Manager, Regulatory Affairs for Chemistry Manufacturing & Controls (CMC)
About The Position
The Manager, Regulatory Affairs for Chemistry Manufacturing & Controls (CMC) - Biologics Product Lead, works with internal and external partners in order to deliver products to patients. Prepares CMC regulatory strategies that enable first pass approvals under limited management supervision. Develops and manages content strategy for regulatory submissions, including INDs/CTAs and amendments, new market applications and supplements/variations with limited management supervision. Builds and maintain relationships within the Regulatory Affairs functional areas and the Operations and Research & Development (R&D) organizations. Represents RA CMC on product development and life-cycle management teams to negotiate, influence, and provide strategic advice to peers in RA, R&D, and Operations.
Requirements
- Bachelor’s degree in pharmacy, biology, chemistry, pharmacology, engineering or related subject.
- 6 years’ biopharmaceutical or related industry experience.
- Experience working in a complex and matrix environment.
- Strong oral and written communication skills.
Nice To Haves
- Relevant advanced degree preferred.
- Certification a plus.
- 6 years biopharmaceutical RA, R&D or Operations experience including 3 years in regulatory affairs.
Responsibilities
- Prepares CMC regulatory product strategies with limited supervision.

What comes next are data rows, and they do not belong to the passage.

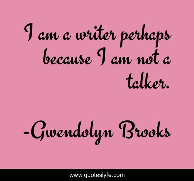 This page presents the quote "I am a writer perhaps because I am not a talker.". Author of this quote is Gwendolyn Brooks. .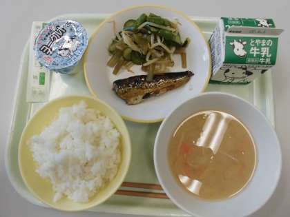 今日の献立は、ご飯・牛乳・いわしのしょうが味・茎わかめサラダ・しらたま汁・ヨーグルトです。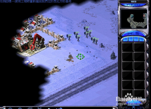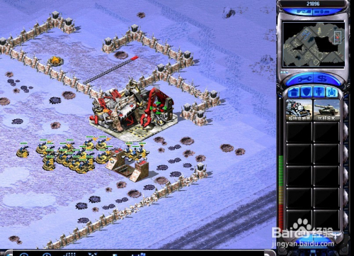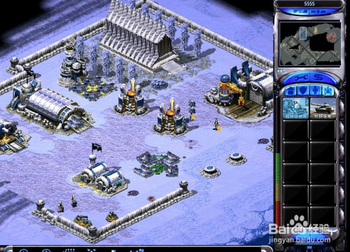 随后用声援的“火箭飞翔兵”绕到仇敌基地后方,先打失落仇敌的电厂,让仇敌基地断电

- Prepares regulatory submissions, including new IND/CTA applications and amendments, renewals, annual reports, supplements and variations under limited supervision.
- Analyzes and interprets information that impacts regulatory decisions. Seeks expert advice and technical support as required for strategies and submissions.

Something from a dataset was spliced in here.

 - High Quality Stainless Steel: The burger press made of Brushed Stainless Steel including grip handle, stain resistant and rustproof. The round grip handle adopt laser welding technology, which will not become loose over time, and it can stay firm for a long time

- Reviews and revises regulatory submission documentation to effectively present data and strategy to regulatory agencies under limited supervision.
- Responds to global regulatory information requests under limited supervision.
- Develop strategies for CMC-related agency interactions and manage preparation of agency meeting requests and information packages, under limited supervision.
- Manage products and change control with an understanding of regulations, agency guidance and company policies and procedures with limited supervision. Analyzes and approves manufacturing change records with limited supervision.
- Represents CMC regulatory affairs on teams such as the product development, Global Regulatory Product Teams and Operations Product Teams, for assigned projects; negotiates with and influences team members with support of management to maximize chances for first pass approval of regulatory submissions and stays abreast of regulatory procedures and changes in the external regulatory environment.
- Analyzes legislation, regulation and guidance and provides analysis to the organization under limited supervision.
- Contributes to creation of white papers and policies to illustrate current regulatory thinking under supervision of manager. Participates in initiatives internal to RA CMC.
- May act as a formal or informal mentor to others.
Benefits
- paid time off (vacation, holidays, sick)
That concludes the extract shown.